Sense-making theory emphasizes emotions and feelings. The bridge to the outcome will be influenced by environmental and biological factors. Maybe health will deteriorate or mood will dampen, which will make the information-seeking process seem more arduous and burdensome, and this strain will inevitably color the results or outcome. On the other hand, strong heath and a positive attitude will likely result in faster and more thorough information processing.

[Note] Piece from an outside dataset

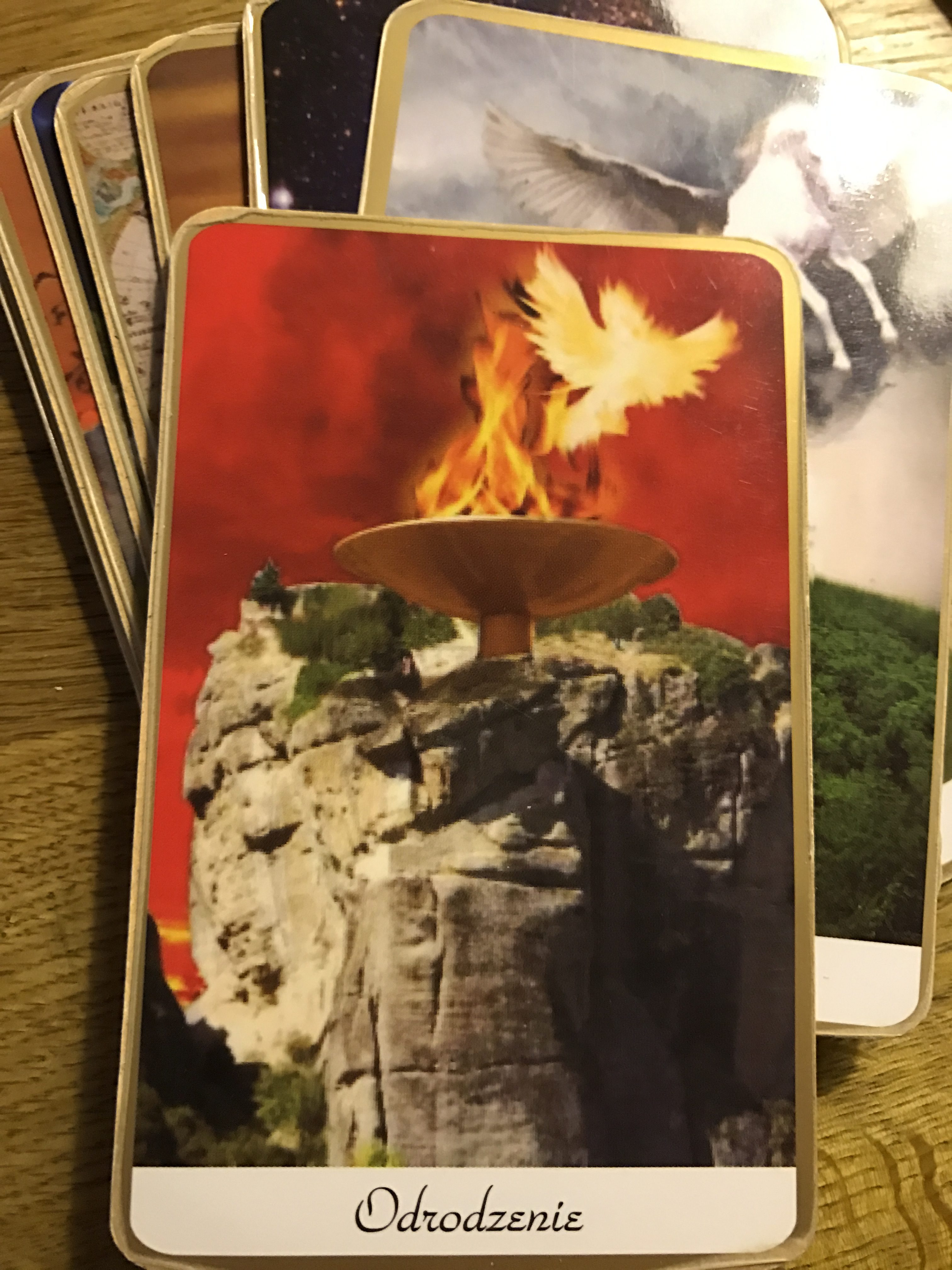 Karta Odrodzenie symbolizuje jeden z żywiołów jaki jest Ogień. Żywioł ten przedstawiony jest na karcie jako płonąca Pochodnia z której wyfrunął odrodzony Feniks – mistyczny ptak spłonąwszy w ogniu poświęcenia, który ponownie odradza się z popiołów. W dawnych legendach wierzono, że Aniołowie użyczyli Feniksowi swoich skrzydeł i dzięki temu mają Z nim ciągły kontakt. Ludzie przypisywali Feniksowi wielkie moce i czcili go w swoich religiach. Feniks symbolizuje Ogniwo śmierci i odnowę życia , a także wypalenie Karmy ,transformację i zapowiada że doświadczymy działania niewidzialnej siły. Karma utrzymuje że wszystko co robimy drugiemu człowiekowi wróci do nas . Skrzydła symbolizują harmonię z powietrzem, co dla człowieka oznacza panowanie nad emocjami i umiejętne ich poskromienie. Potencjałem tej karty jest pozytywny ładunek ,,wznoszący ,, człowieka mówiące o tym, że aby mogło się coś narodzić stary musi umrzeć wypalić się…

Dervin’s sense-making theory is based on everyday life, so it is not context specific or spatially oriented. Time and space are infinite factors. As an example, in undergraduate school, there were times when I had to drive a distance to procure a book at another academic library because my research project was dependent on said book, and it could not wait or my outcome (my term paper) would suffer. Indeed, the search for information may be quick or it may be long, depending on the query and the scope of the question. In Ekström’s words, one may be looking for an “isolated fact,” or they may be searching for knowledge, which is a much more complicated and intricate thing. But knowledge is part of what makes us human, and it is driven by an innate need.